En ce 22 juin 2012, le vent tourne à nouveau pour les banques internationales mais aussi françaises : Moody’s, l’une des trois principales agences de notation mondiales, dégrade la note de 15 banques avec une « mention » spéciale pour le Crédit Suisse qui subit le plus lourd tribut voyant sa note dégradée de trois crans et se positionner à A2.
Les banques françaises ne sont pas épargnées : BNP Paribas, qui a pourtant su démontrer sa résistance financière en temps de crise et sa solvabilité, est désormais notée A2 (contre Aa3) avec une perspective stable voyant sa note chuter de deux crans.
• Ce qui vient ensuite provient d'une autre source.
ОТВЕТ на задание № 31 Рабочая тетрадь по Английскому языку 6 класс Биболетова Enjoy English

Il en va de même pour Crédit Agricole (A2, perspective négative) et la Société Générale, qui elle, bénéficie d’une sanction moins lourde avec un déclassement d’un cran uniquement (A2, perspective stable).
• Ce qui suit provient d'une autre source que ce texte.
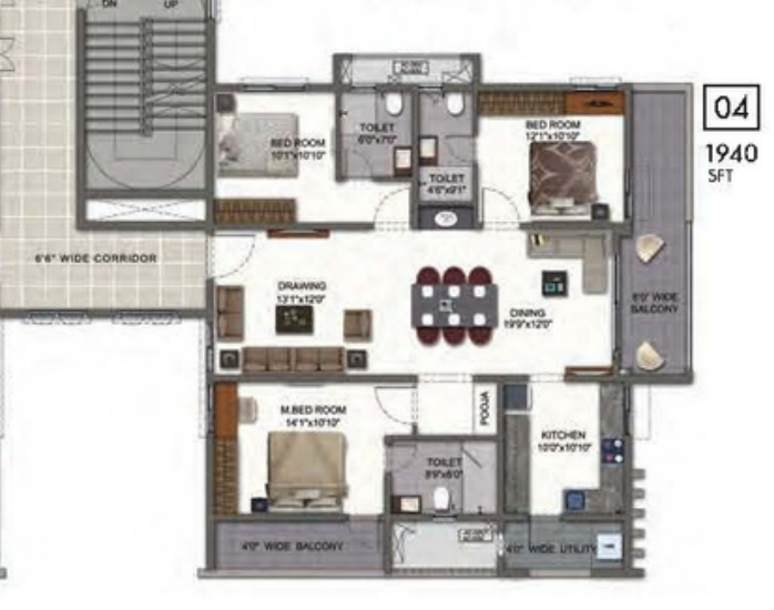 | 3 BHK | 1940 Sqft | Rs. 1.46 Cr |
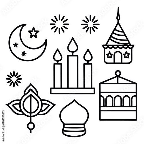eid, christmas, celebration, festival, holiday, icon, symbol, cultural, religious, event, design, graphic, decoration, illumination, light, lantern, candle, crescent, moon, star, fireworks, dome, building, traditional, gathering, joy, community, worship, diverse
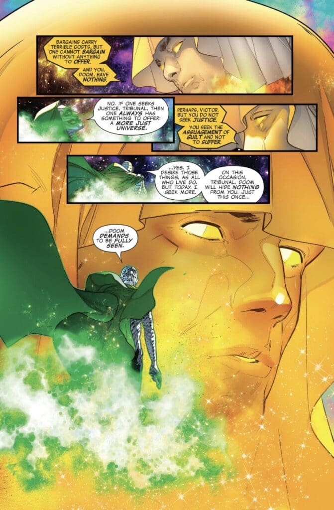 In a fascinating twist, the cosmic entity looks into Doom’s soul and sees that he actually loves something that isn’t himself. Because of this rare spark of humanity, the Tribunal grants his wish to restore Valeria, but, of course, at a great cost.
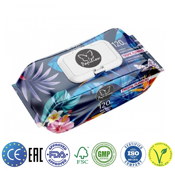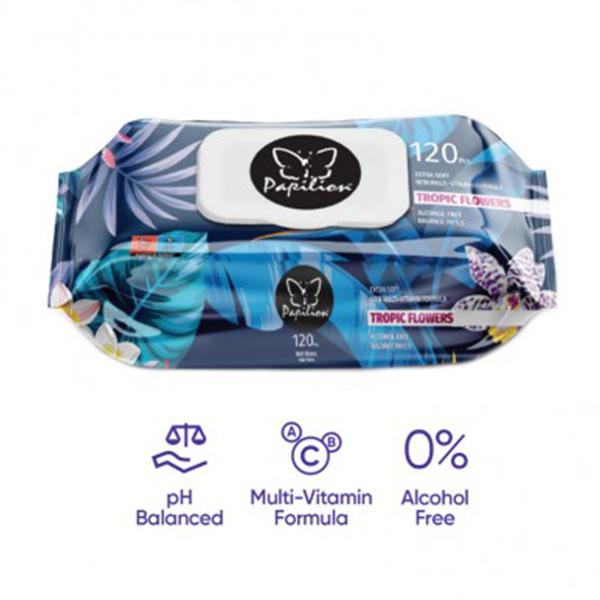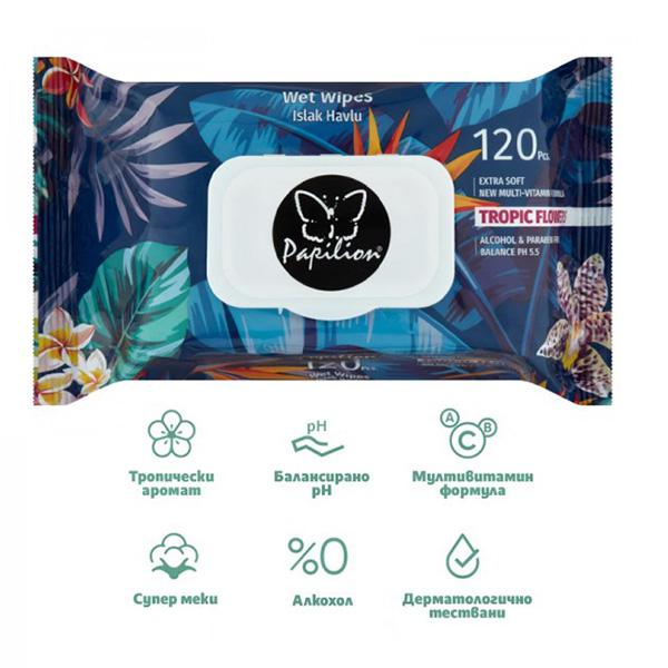 Мокри кърпи Papilion Tropic Flower притежават иновативна мултивитамин формула без алкохол с балансирано pH, като старателно почистват, без да изсушават кожата, осигурявайки надеждна антибактериална защита.
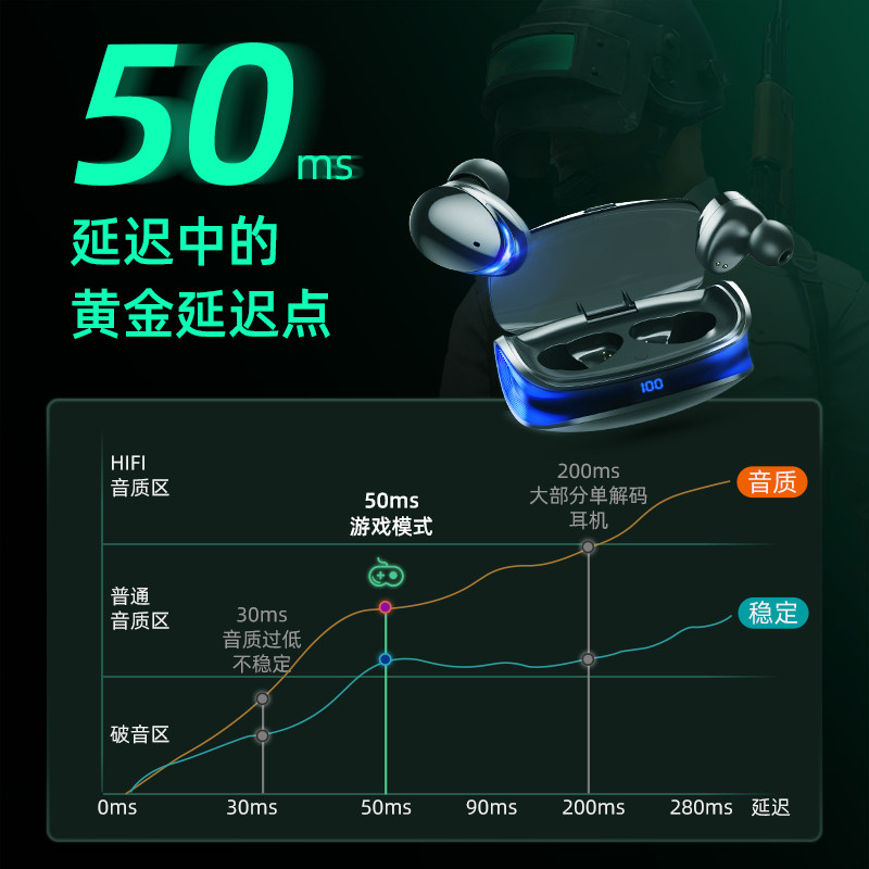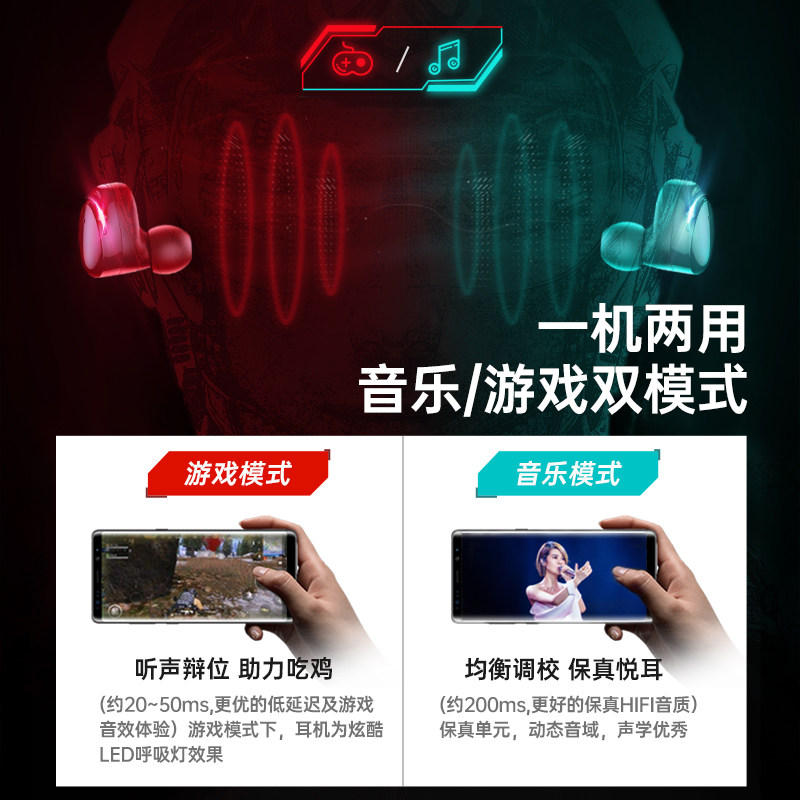 (Game without delay) 2021 new bluetooth headset true wireless binaural in-ear e-sports special eating chicken style peace elite mobile game super long standby for Xiaomi Apple Huawei

Cette annonce fait suite à l’étude lancée mi-février par l’agence qui considérait alors que les notes publiées négligeaient des éléments majeurs parmi lesquels la dégradation des conditions de financement, l’élargissement des spreads de crédit, le durcissement de la réglementation et la détérioration des conditions d’activité. Il est important de noter que les institutions financières concernées par cette décision sont toutes sans exception, largement présentes sur les marchés de capitaux et ont donc une exposition aux risques décuplée comparativement à d’autres banques moins présentes sur ces mêmes segments.

Les effets attendus de la dégradation

Qui dit dégradation dit confiance amoindrie…ce qui risque de coûter plus cher aux banques. Leur refinancement sera plus difficile ou tout du moins plus onéreux, dans la mesure où elles risquent de faire face à l’hésitation de leurs homologues dans le prêt de liquidités. Reste toujours la Banque Centrale Européenne qui a injecté près de 1000 milliards d’euros depuis décembre 2011 afin d’éviter les tensions notamment sur le marché du crédit. Ces fonds permettront ainsi aux particuliers de ne pas subir la hausse pourtant attendue du coût du crédit et de conserver une dynamique sur ce marché. Cependant, l’octroi de crédits lui-même risque d’être plus limité, les banques devant se concentrer avant tout sur le renforcement de leurs fonds propres.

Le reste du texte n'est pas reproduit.